Será útil, para se entender a
catequese do autor do Quarto Evangelho, lembrar o contexto da sua comunidade,
nos fins do século I, quando este Evangelho foi escrito. Os cristãos eram
discriminados e perseguidos em todo o Império romano; muitos afastavam-se,
recusando seguir Jesus no dom da vida; outros, perplexos, questionavam-se se, para
ser cristão, seria preciso percorrer caminho tão radical e de tanta exigência.
A proposta de Jesus levaria à felicidade e à Vida plena, ou ao fracasso e à morte?

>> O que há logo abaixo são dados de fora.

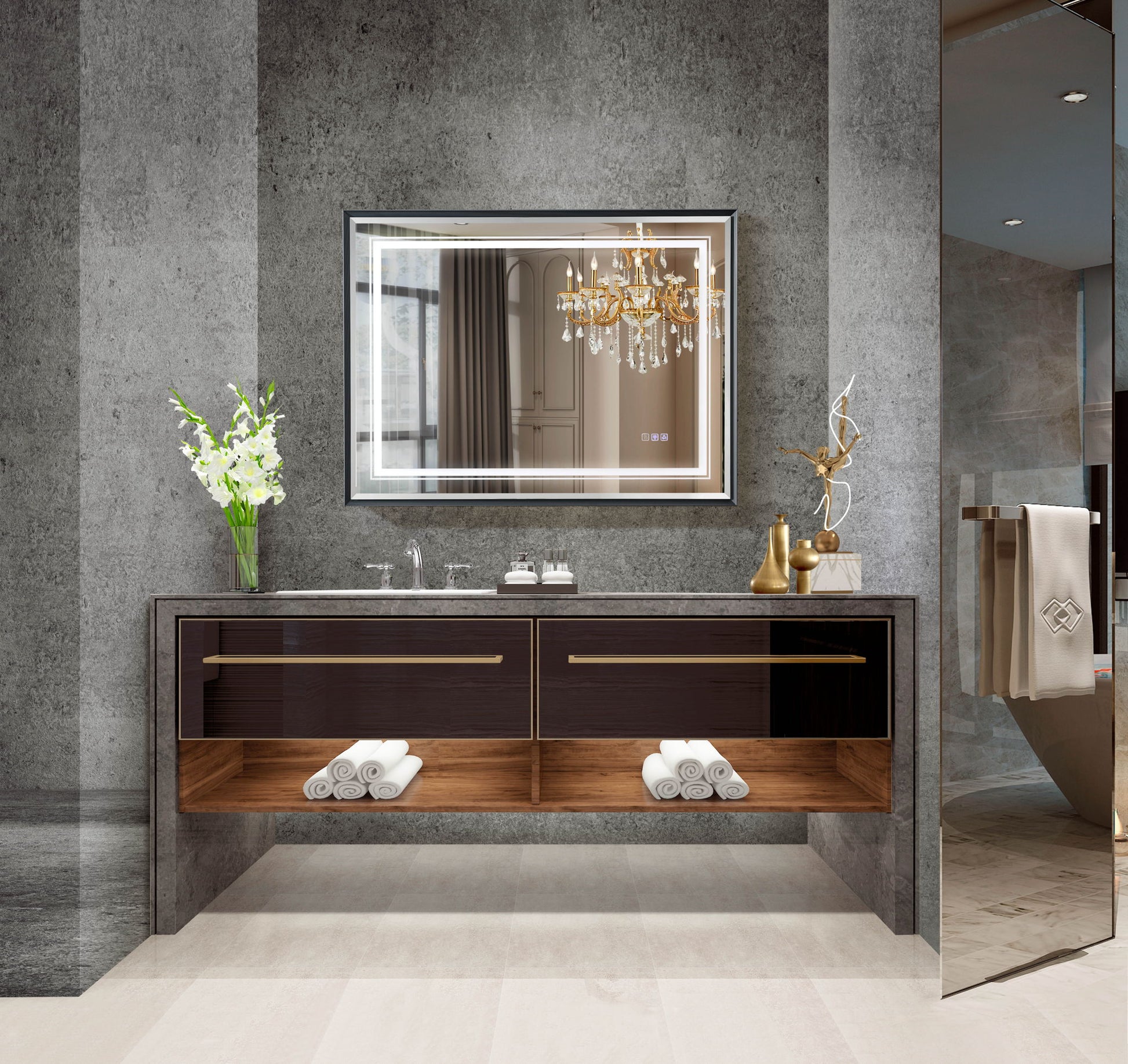 - Elegant Design: Featuring smooth aluminum frame lines and a three-dimensional beveled edge lens, this mirror enhances the bathroom's ambiance with front and side lighting, creating a sophisticated double-layer lighting effect.
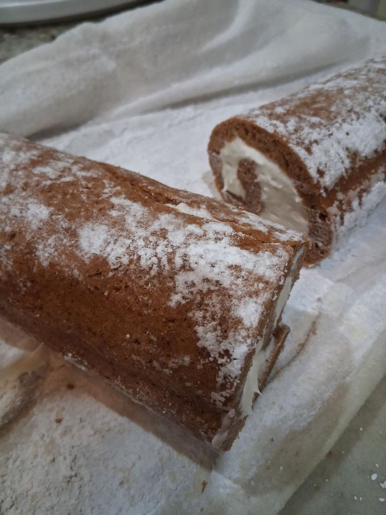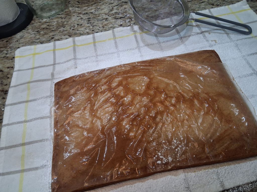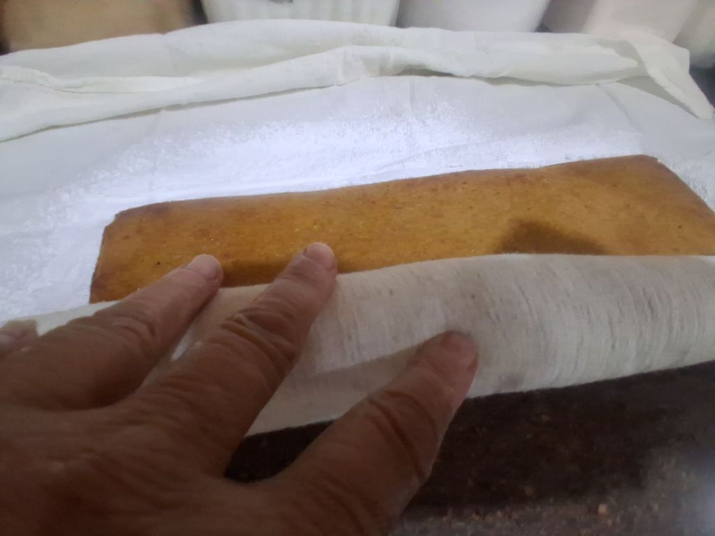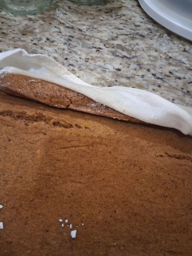 When the cake comes out of the oven immediately turn it out onto the powdered cover towel, then pull off the wax paper very carefully now roll up the cake in the towel
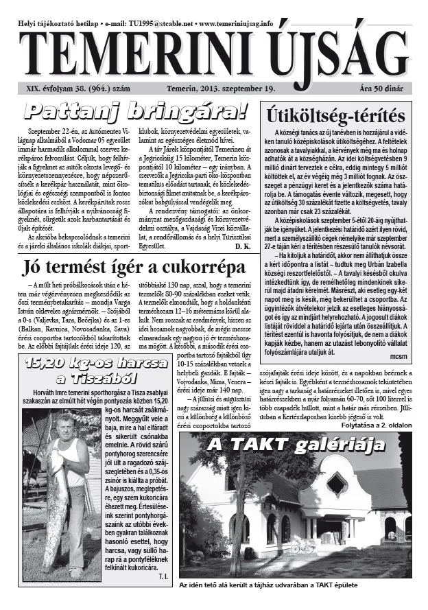 Temerini Újság, 19. évf. 2013. szeptember 19. 38. sz.
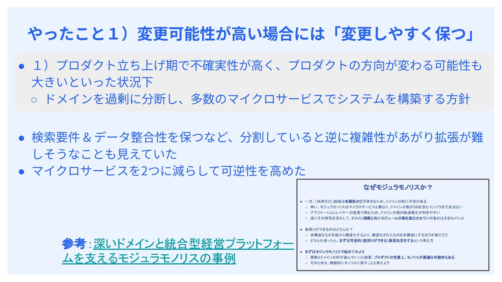 * p22 [深いドメインと統合型経営プラットフォームを支えるモジュラモノリスの事例](https://speakerdeck.com/ogugu9/modular-monolith-that-support-deep-domains-and-integrated-management-platform?slide=12)
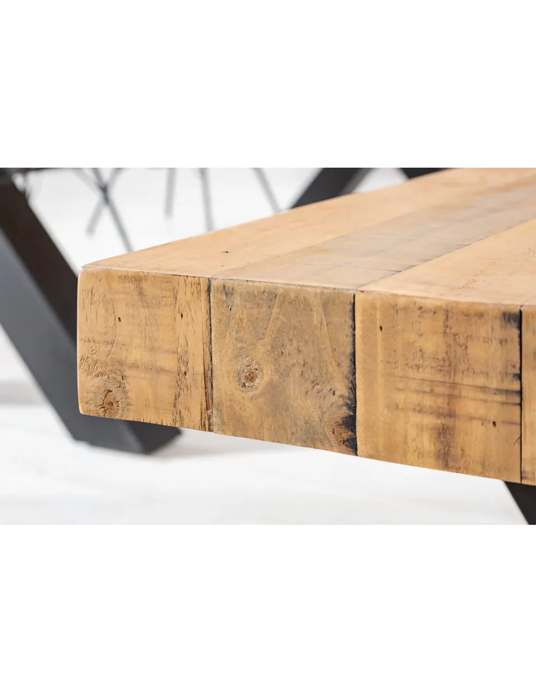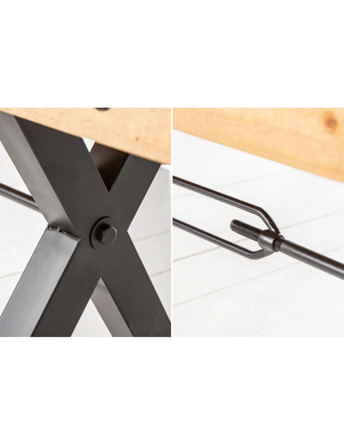 Son piètement en fer à la forme croisée emblématique assure une stabilité irréprochable et souligne son style industriel affirmé. Le contraste entre le bois clair et le métal noir crée un équilibre visuel harmonieux, idéal pour sublimer un intérieur moderne, loft ou rustique chic.
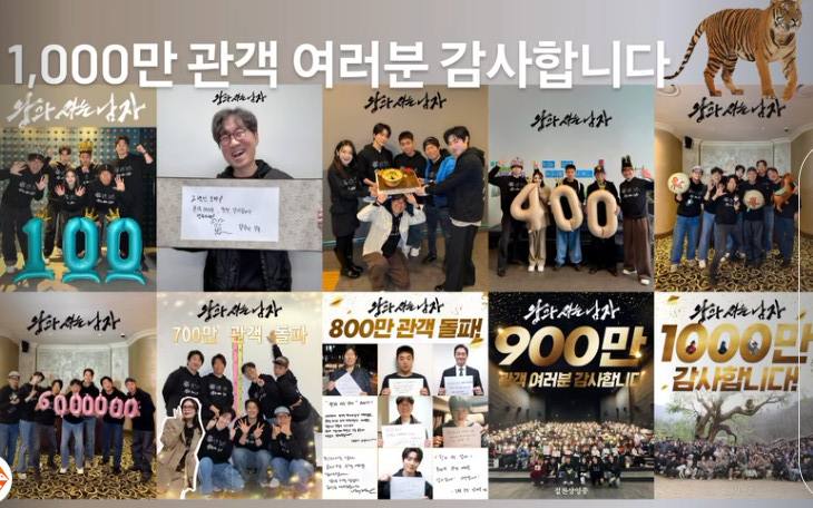 배급사 쇼박스도 흥분을 감추지 못했다. 같은 날 쇼박스는 공식 계정을 통해 100만부터 1000만까지의 관객 돌파 순간을 담은 감사 이미지를 공개하며 "1000만 관객 여러분 감사합니다"라고 전했다.

Neste cenário, que exigia opções decisivas, João procura, recorrendo às
palavras de Jesus, respostas que devolvam aos cristãos o ânimo e a esperança.
Com isto é consentâneo o comentário do
Papa Francisco ao trecho evangélico em apreço.
Tu tens
palavras de vida eterna” é uma bela asserção que testemunha a amizade e a
confiança que ligam Pedro a Cristo, juntamente com os outros discípulos:
“Senhor, para quem iremos? Tu tens palavras de vida eterna.” Pedro pronuncia-a no momento crítico em que Jesus terminar o discurso em
que disse ser o “pão que desceu do céu”. É linguagem difícil para as pessoas,
de modo que até os discípulos que O seguiram O abandonaram, porque não entenderam.
Porém, os
Doze permaneceram, porque Nele encontraram “palavras de vida eterna”.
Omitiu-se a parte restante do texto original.